At Chapel Field the surviving section of wall stands on the west side of the Gardens and forms the boundary between the park and the dual carriageway of the inner ring road that is built over the line of the outer ditch. The ground here is relatively level and the standing wall runs from north west to south east with a slight outward curve. It was part of the defences between St Giles' Gate and St Stephens' Gate. From St Giles' to the site of the gateway at St Stephens is about 655 metres ... the single longest stretch of the wall on the circuit of the defences. There were 6 intermediate towers between the gates and the 14th-century Custom Roll indicates that there were 229 battlements on this section.

The surviving section of the wall at Chapel Field is 137 metres long and at its north end incorporates a substantial part of the 3rd intermediate tower. The wall is 4.75 metres at the highest point but all of the parapet (probably about 2 metres high) and, in some sections, much of the upper part of the wall itself has been lost. The tower too has lost its crenellated parapet but still stands slightly higher than the wall at 5.6 metres. [1] A number of loops in brick and many of the brick-lined putlog holes from the original scaffolding survive.

The wall has a number of arches or narrow gates through it but these all date from the 19th century when houses were built hard against the outer face of the wall, over the line of the ditch. These houses had private access to the park by way of these gateways cut through the wall. The demolition of these house in the 1970s damaged much of the outer face of the wall but there is evidence to suggest that the wall is approximately the same width as the medieval wall. Certainly, there is no evidence for there having been an internal arcade on this section to support a wider wall walk. Some of the construction details of the wall, for instance the way that the side bricks of the putlogs are laid flat rather than vertically, are different from other sections.
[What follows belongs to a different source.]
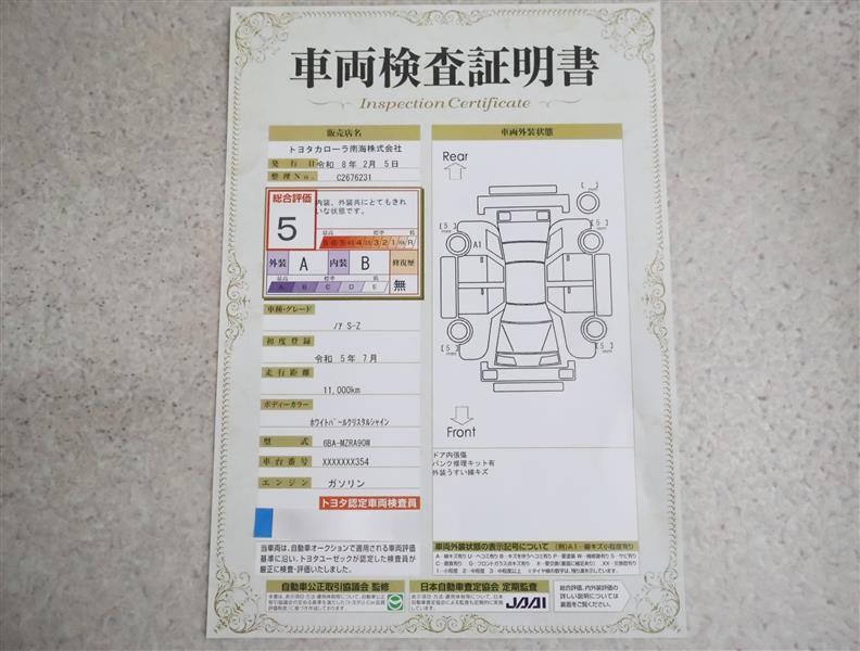 詳細及び現状の車両状態につきましては、店舗スタッフまでお尋ねください。 - 注2)上記と同様の評価点・状態表を「車両検査証明書」として店舗の展示車両に搭載しております。

Documentary evidence suggests that this could be one of the first sections of the flint wall to be built and it may date from about 1253. It is now known that parts of the Saxon and Norman settlement of Norwich had been protected by a ditch and bank and many of the principle streets were laid out then. However, although the site if not the structure of many of the gates may have dated from the 12th century, the city was not enclosed by a continuous defensive system. It was not until 1253 that the citizens of Norwich were granted a licence by Henry III to enclose the city and even then, it is generally believed that the flint-built wall was not begun until the raising of the first murage tax in 1294. [Fitch page v and page viii] However, a document refers specifically to a wall, rather than a ditch, in Chapel Field about 1256 (16th Edward I) which may suggest that by then a palisade on the bank may have been replaced with a flint wall.